Before we start
Engagement Readiness
What to expect between the scoping call and the start of the engagement. This page documents the contracting path, access categories, scheduling logic, and the readiness checklist that determines when work begins.
Contracting
A single Engagement Letter, returned in one business day.
The standard engagement is governed by a single Engagement Letter covering scope, deliverables, fees, and terms. I am happy to work within your existing contracting framework when preferred.
Executed agreements are returned within one business day of receipt.
Access and onboarding
What I need access to, and why.
The diagnostic tests an AI workflow under realistic reliance pressure. That requires observing the workflow as the team actually uses it, not in a sandbox. The access categories below cover what I have asked for across prior engagements. Specifics are confirmed during the scoping call. Expand any item for detail.
Workflow-level access
A credentialed account with sufficient permissions to execute the full AI-assisted workflow as a power user. Allows testing reasoning behavior across the complete input-output chain.
Standard user access
A separate credential reflecting the permissions of a typical end user. Allows evaluating the workflow as the team actually experiences it.
Environment access
SSH or remote desktop access to the environment where the workflow runs, when the diagnostic requires observing model behavior under production conditions.
Output and log history
Access to historical outputs, decision logs, or audit trails from the workflow under review, when available. Typically the most recent thirty to sixty days.
Documentation
System architecture diagrams, integration specifications, prompt templates or system instructions, and any internal evaluation criteria currently in use.
Provisioning access in enterprise environments involves IT, security, and sometimes legal coordination. In my experience this is the single largest driver of engagement timeline variability. Organizations that begin the access request process during the contracting phase, rather than after Engagement Letter execution, typically save two to three weeks.
Scheduling
Your slot is held for fifteen business days from Engagement Letter execution.
The engagement clock starts when your materials package is complete. The engagement start date is determined by how quickly your organization completes the readiness checklist below.
If required materials have not been received within the fifteen-business-day window, I work with you to reschedule to the next available slot.
Current lead time for new engagements: six to eight weeks.
Readiness checklist
What the engagement lead runs in parallel with contracting.
The items below are what you receive after the scoping call so materials-gathering proceeds alongside legal review rather than sequentially.

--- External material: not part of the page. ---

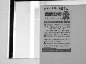 近日,廣州大部分高校均已開學,同時計算機等級以及英語四六級等多項考試也被擺上眾多考生們的日程表。而就在此時,部分網(wǎng)站以及校園的公告欄,甚至是校園廁所墻上,各種惡俗小廣告也隨之現(xiàn)身,有人吹噓有各種考題及答案來源可靠,另外,出租“情侶旅店”的小廣告也悄然出現(xiàn)。記者調(diào)查發(fā)現(xiàn),絕大多數(shù)的小廣告都存在欺詐,見錢后隨即“人間蒸發(fā)”。校方提醒廣大學子,不要輕信各種有關(guān)考題出售的信息,一旦發(fā)現(xiàn)應(yīng)及時舉報,配合打擊。

Each item is something your organization controls.
- Identify and brief the engagement lead: a single point of contact with authority to provide materials and approve access within 48 hours of request.

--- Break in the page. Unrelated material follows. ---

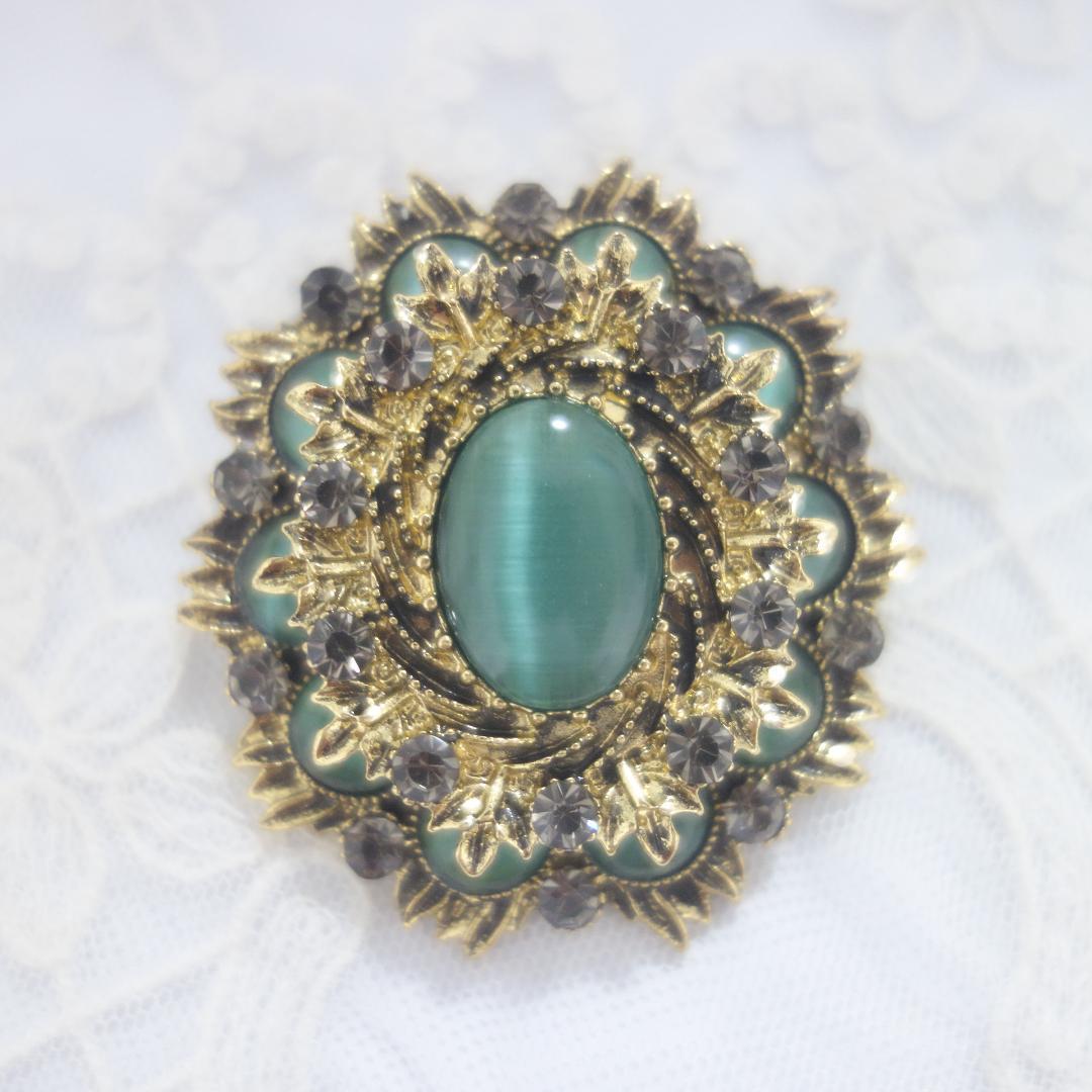 月光石みたいなグリーンのカボションが良く似合っています♪

- Begin the internal access provisioning request covering the categories above.
- Compile workflow documentation.
- Generate sample input and output pairs from the target workflow: minimum twenty representative examples.
- Document the decision chain: who receives the AI output, what decisions are made based on it, and what review process exists today.
- Identify the executive sponsor who will receive the findings brief.
- Schedule the findings review on the executive sponsor's calendar: a sixty-minute block within five business days of brief delivery, even if tentative.
My commitments
What you can hold me to.
- Executed agreements returned within one business day of receipt.
- Engagement scheduling confirmed within one business day of receiving a complete materials package.
- All deliverables on the timeline specified in the Engagement Letter.
- Findings delivered directly to the executive sponsor, not filtered through intermediaries.